RECORDED INFORMATION START

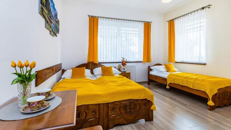 Die Willa Pod Wierchem in Bukowina Tatrzańska ist der ideale Ort für einen erholsamen Aufenthalt in Kleinpolen. Genießen Sie die ruhige Umgebung, das kostenfreie WLAN und die Grillmöglichkeiten. Die Unterkunft bietet kostenfreie Privatparkplätze und einige Zimmer verfügen über eine Küchenzeile. Starten Sie Ihren Tag mit einem köstlichen kontinentalen Frühstück und entspannen Sie auf der Terrasse. Die Nähe zu den Thermalbädern von Bania und den Skimöglichkeiten machen die Willa Pod Wierchem zu einem perfekten Ausgangspunkt für Aktivitäten in der Natur.
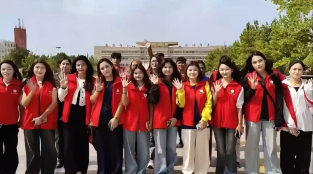 来看看校园里的志愿者们,统一口号:“有事儿您说话!”
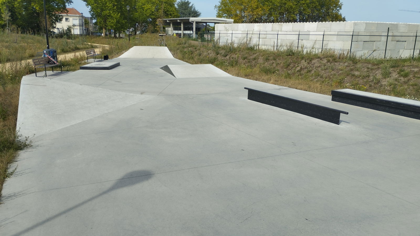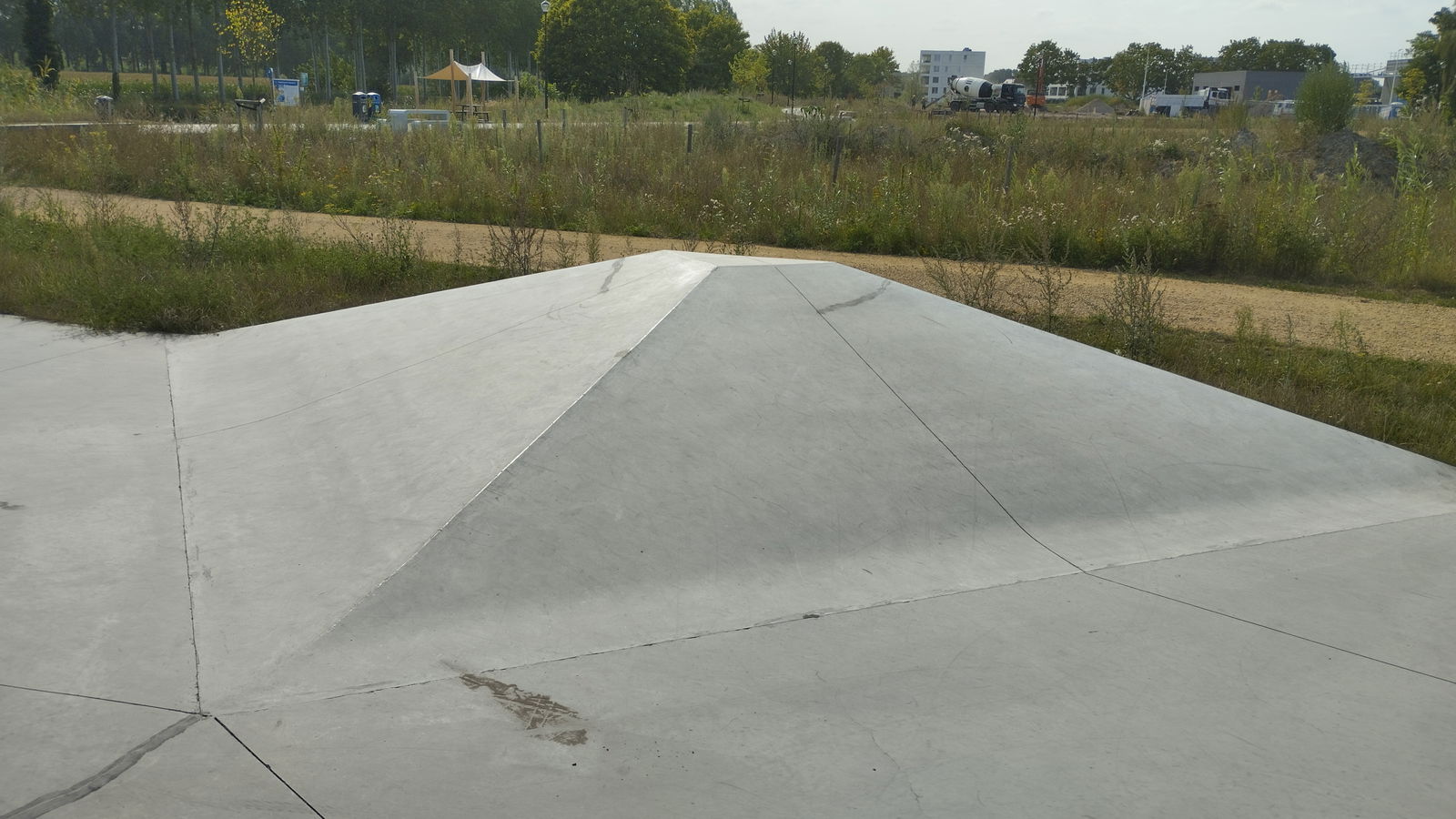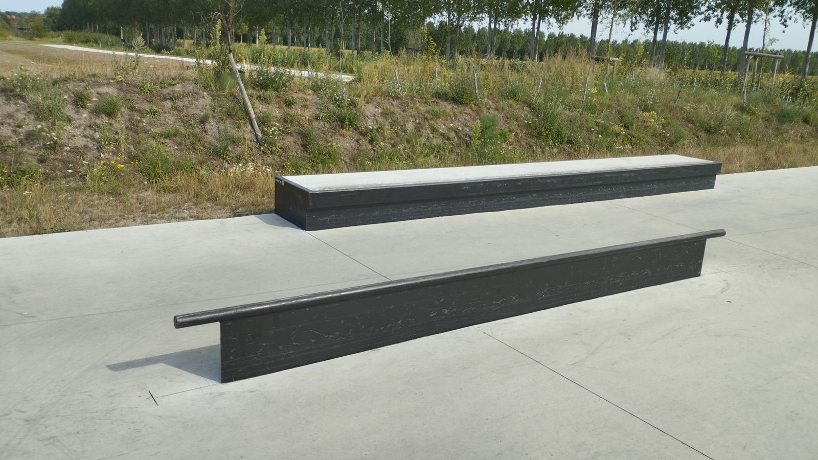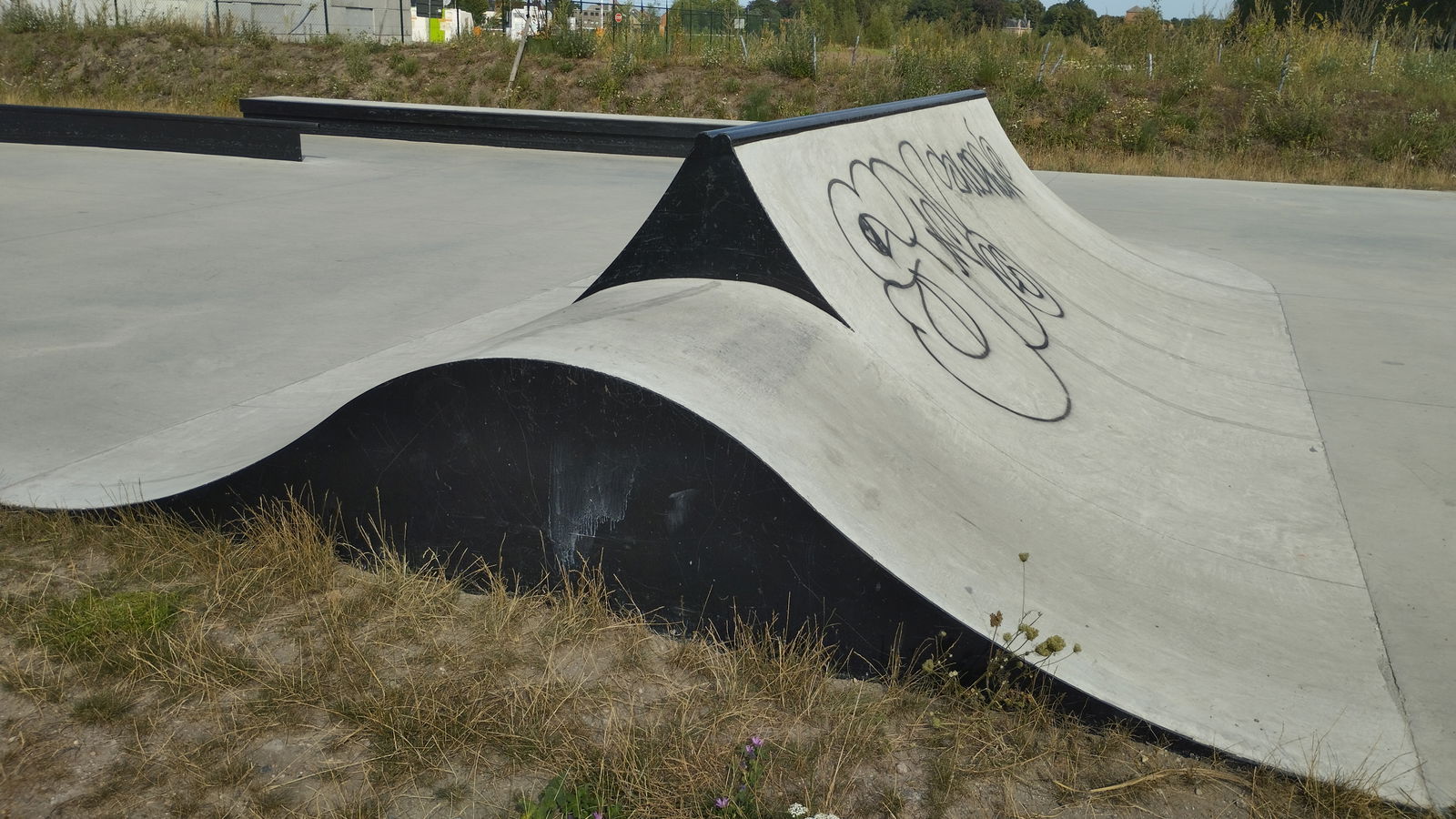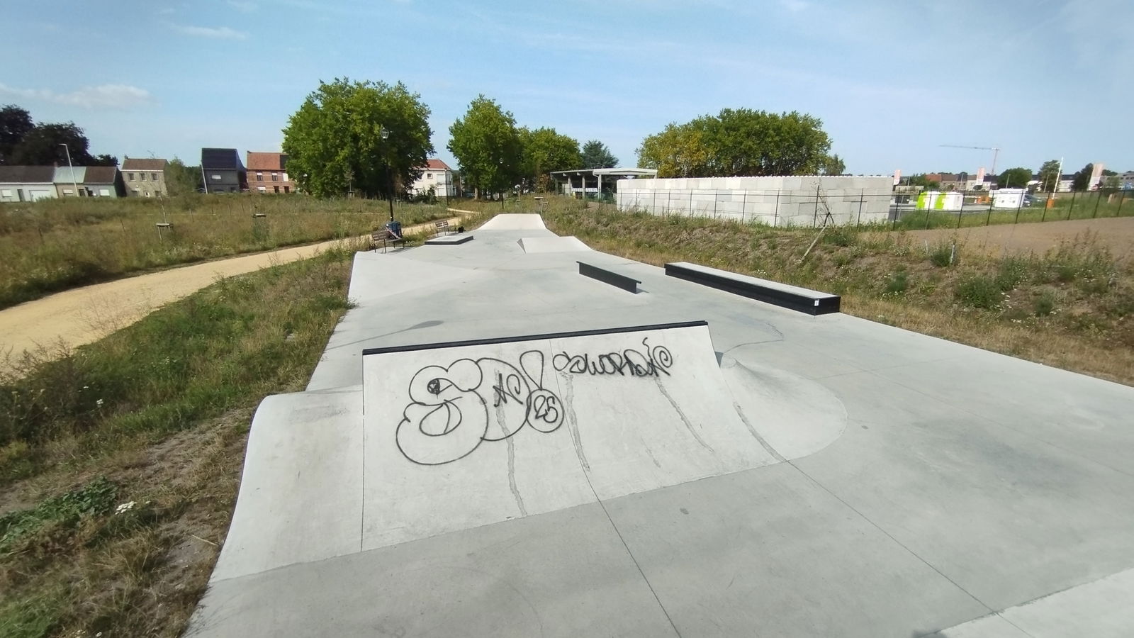 Moerbeke skatepark is a small concrete park with several street obstacles in a back and forth setup.

RECORDED INFORMATION END

WHAT IS REQUIRED
An exact copy of the material above is required, minus its images.

EXERCISE ANSWER
 Die Willa Pod Wierchem in Bukowina Tatrzańska ist der ideale Ort für einen erholsamen Aufenthalt in Kleinpolen. Genießen Sie die ruhige Umgebung, das kostenfreie WLAN und die Grillmöglichkeiten. Die Unterkunft bietet kostenfreie Privatparkplätze und einige Zimmer verfügen über eine Küchenzeile. Starten Sie Ihren Tag mit einem köstlichen kontinentalen Frühstück und entspannen Sie auf der Terrasse. Die Nähe zu den Thermalbädern von Bania und den Skimöglichkeiten machen die Willa Pod Wierchem zu einem perfekten Ausgangspunkt für Aktivitäten in der Natur.
 来看看校园里的志愿者们,统一口号:“有事儿您说话!”
 Moerbeke skatepark is a small concrete park with several street obstacles in a back and forth setup.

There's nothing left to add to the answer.